Understanding Behavioral Interview Questions

It’s been a while since I’ve been job hunting, but recently a good friend of mine and I had a conversation where she shared with me how “difficult” a recent job interview had been for her. My friend isn’t much of a complainer so it made me curious about what had been so hard about the interview. She went on to explain that it SHOULD have been easy, but since she wasn’t prepared properly she thought she’d bombed it. That made me even more curious, because I know this girl knows her field top to bottom.

It turns out that the interview was not a technical interview – those measure what you know. This interview wasn’t about what she knew. She wasn’t mentally prepared for it because it was a different type of interview. One that is known as a behavioral interview. Basically, in a behavioral interview the interviewee is asked questions that probe for specific past behaviors with the theory that past behaviors will be a predictor of future behavior. So, if the interviewer wants to know how you’ll react in a situation that you’re likely to face in their workplace then they can ask you how you’ve acted in similar situations before and also “how that worked out”.

Instead of asking a candidate for a manager position how they THINK someone should deal with an employee who is often tardy (a question that can be “studied for”) the interviewer can instead ask the candidate to “tell me about a time when you had to deal with an employee who was unable to get to work on time. What was the end result?”

Now, as someone answering these types of questions all you can really do is tell the truth… it’s hard for most people to lie on the spot about specific situations that didn’t happen at all. So that means they’ll get honest answers that are completely relevant and only “fact based” not “what you want to hear based”, right? Well mostly.

In reality, to maximize your interview, you’ll definitely want to tell the truth, but then also ANALYZE the truth out loud. This gives you an opportunity to be truthful, to describe a less than ideal behavior that you’ve acted out before (this gives credibility that you’ve atleast really faced the situation). But then, whether you acted well or not,  you can also add something like “if I was presented with the same situation again I’d do xyz because pdq”. That was where my friend failed.

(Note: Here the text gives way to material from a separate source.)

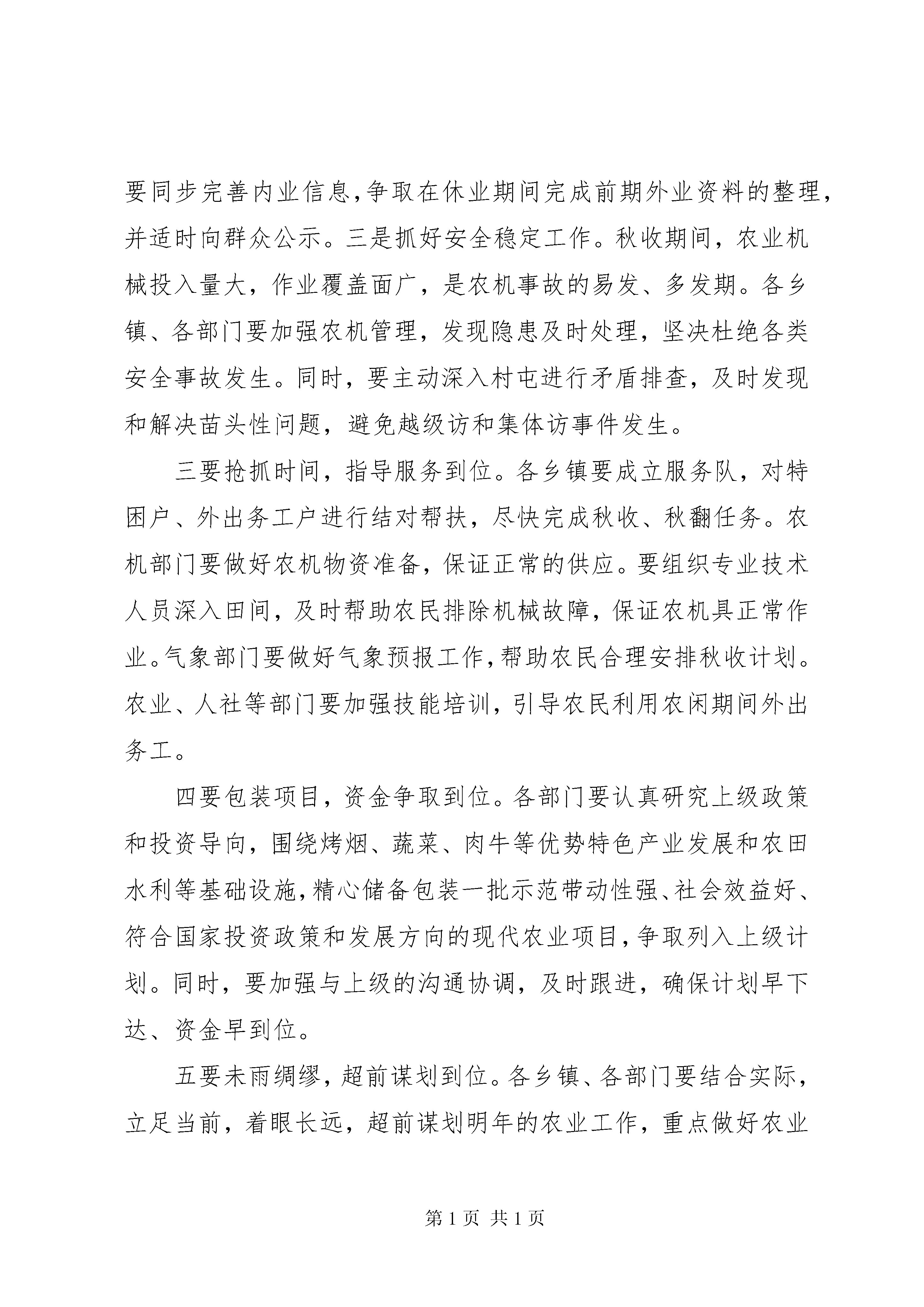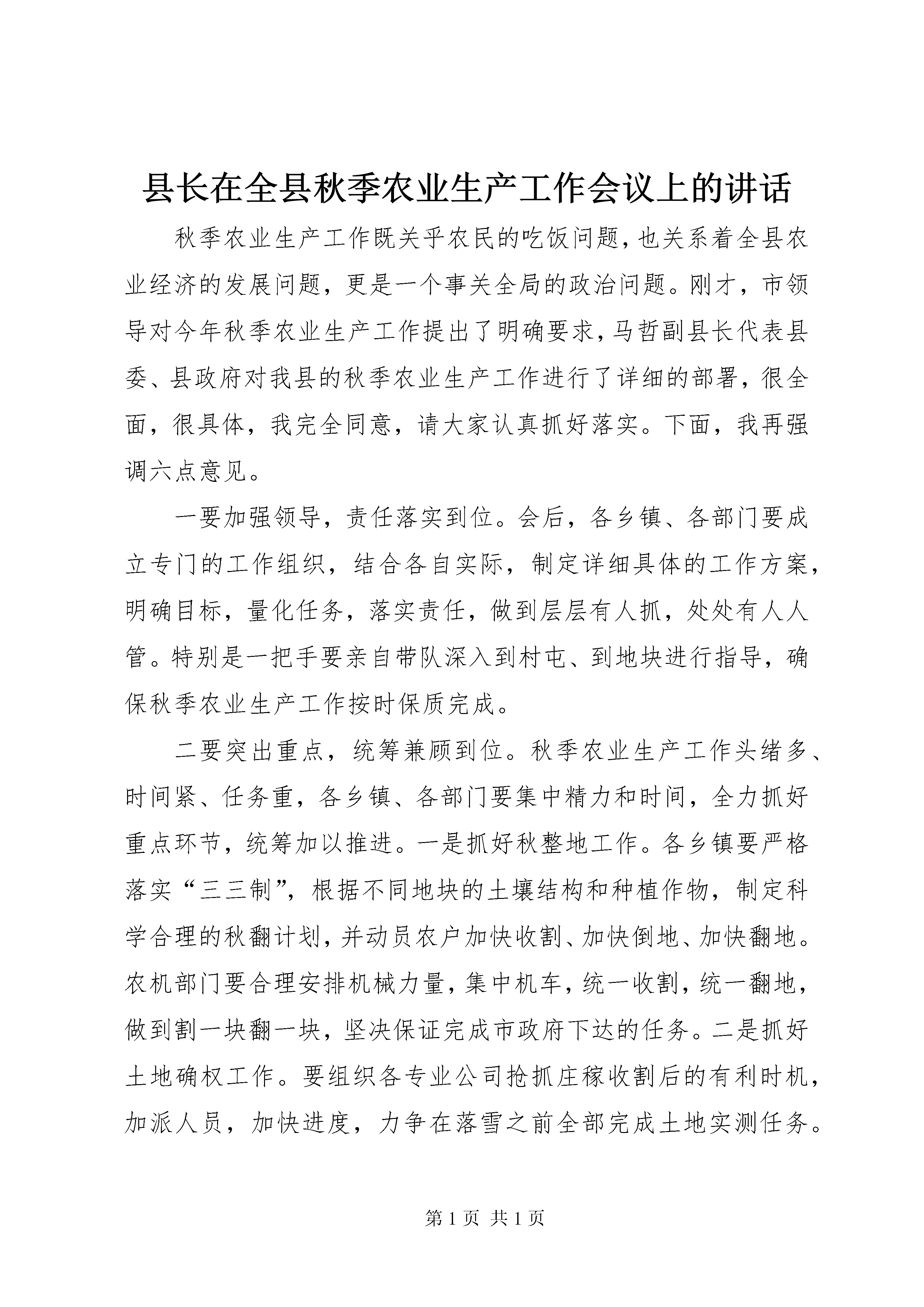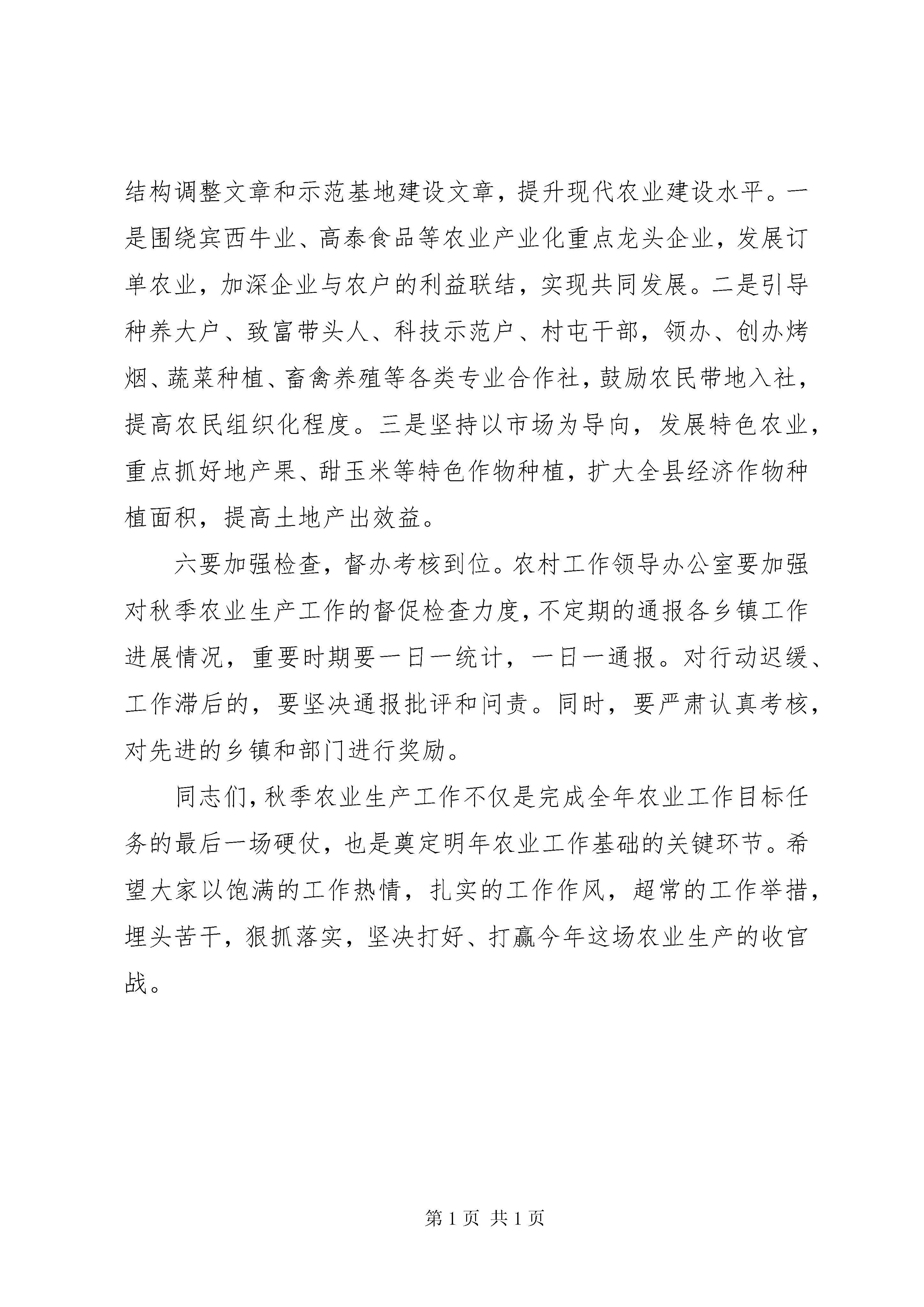 县长在全县秋季农业生产工作会议上的讲话秋季农业生产工作既关乎农民的吃饭问题,也关系着全县农业经济的发展问题,更是一个事关全局的政治问题。刚才,市领导对今年秋季农业生产工作提出了明确要求,马哲副县长代表县委、县政府对我县的秋季农业生产工作进行了详细的部署,很全面,很具体,我完全同意,请大家认真抓好落实。下面,我再强调六点意见。一要加强领导,责任落实到位。会后,各乡镇、各部门要成立专门的工作组织,结合各自实际,制定详细具体的工作方案,明确目标,量化任务,落实责任,做到层层有人抓,处处有人人管。特别是一把手要亲自带队深入到村屯、到地块进行指导,确保秋季农业生产工作按时保质完成。二要突出重点,统筹兼顾到位。秋季农业生产工作头绪多、时间紧、任务重,各乡镇、各部门要集中精力和时间,全力抓好重点环节,统筹加以推进。一是抓好秋整地工作。各乡镇要严格落实“三三制”,根据不同地块的土壤结构和种植作物,制定科学合理的秋翻计划,并动员农户加快收割、加快倒地、加快翻地。农机部门要合理安排机械力量,集中机车,统一收割,统一翻地,做到割一块翻一块,坚决保证完成市政府下达的任务。二是抓好土地确权工作。要组织各专业公司抢抓庄稼收割后的有利时机,加派人员,加快进度,力争在落雪之前全部完成土地实测任务。要同步完善内业信息,争取在休业期间完成前期外业资料的整理,并适时向群众公示。三是抓好安全稳定工作。秋收期间,农业机械投入量大,作业覆盖面广,是农机事故的易发、多发期。各乡镇、各部门要加强农机管理,发现隐患及时处理,坚决杜绝各类安全事故发生。同时,要主动深入村屯进行矛盾排查,及时发现和解决苗头性问题,避免越级访和集体访事件发生。三要抢抓时间,指导服务到位。各乡镇要成立服务队,对特困户、外出务工户进行结对帮扶,尽快完成秋收、秋翻任务。农机部门要做好农机物资准备,保证正常的供应。要组织专业技术人员深入田间,及时帮助农民排除机械故障,保证农机具正常作业。气象部门要做好气象预报工作,帮助农民合理安排秋收计划。农业、人社等部门要加强技能培训,引导农民利用农闲期间外出务工。四要包装项目,资金争取到位。各部门要认真研究上级政策和投资导向,围绕烤烟、蔬菜、肉牛等优势特色产业发展和农田水利等基础设施,精心储备包装一批示范带动性强、社会效益好、符合国家投资政策和发展方向的现代农业项目,争取列入上级计划。同时,要加强与上级的沟通协调,及时跟进,确保计划早下达、资金早到位。五要未雨绸缪,超前谋划到位。各乡镇、各部门要结合实际,立足当前,着眼长远,超前谋划明年的农业工作,重点做好农业结构调整文章和示范基地建设文章,提升现代农业建设水平。一是围绕宾西牛业、高泰食品等农业产业化重点龙头企业,发展订单农业,加深企业与农户的利益联结,实现共同发展。二是引导种养大户、致富带头人、科技示范户、村屯干部,领办、创办烤烟、蔬菜种植、畜禽养殖等各类专业合作社,鼓励农民带地入社,提高农民组织化程度。三是坚持以市场为导向,发展特色农业,重点抓好地产果、甜玉米等特色作物种植,扩大全县经济作物种植面积,提高土地产出效益。六要加强检查,督办考核到位。农村工作领导办公室要加强对秋季农业生产工作的督促检查力度,不定期的通报各乡镇工作进展情况,重要时期要一日一统计,一日一通报。对行动迟缓、工作滞后的,要坚决通报批评和问责。同时,要严肃认真考核,对先进的乡镇和部门进行奖励。同志们,秋季农业生产工作不仅是完成全年农业工作目标任务的最后一场硬仗,也是奠定明年农业工作基础的关键环节。希望大家以饱满的工作热情,扎实的工作作风,超常的工作举措,埋头苦干,狠抓落实,坚决打好、打赢今年这场农业生产的收官战。

She answered the questions that she could, but several times she told them “true stories” about how she had behaved, but she didn’t follow up with WHY she would or would not do the same thing again.

I only pass this along because she was really upset about her performance and we both agreed when it was done that it was really a good experience that she learned from… even I learned from it!

I, having been out of the market of job interviews (not actively seeking a change in employment), hadn’t really studied up on the topic. I have now. There are several good sites out there with great information on behavioral interview questions categorized by topic (leadership, business acumen, ethical issues, etc) and by position type (managers, leaders, nurses, mechanics, etc).

For some reason I actually like reading the questions I linked to and thinking about my answers… imaging an interviewer sitting across from be being awed by the depth of my experiences and the wisdom it has gained me! (Note: lots of sarcasm in that last sentence… i don’t have that much wisdom and my experiences are deeper than some but no where near the others). Either way, going through the occasional questions allows for some reflection about my previous experiences and corresponding actions / results.

If you’ve got some free time OR you’re at all interested in becoming better in job interviews then I recommend checking out that website. See how you feel about answering the questions that are relevant to the type of position you’d be seeking before you go on your next interview. Look through the job description and see which categories of questions are liable to be important and work on answering a few of them before the interview. Being aware, being practiced, and being prepared might be the difference! Good luck!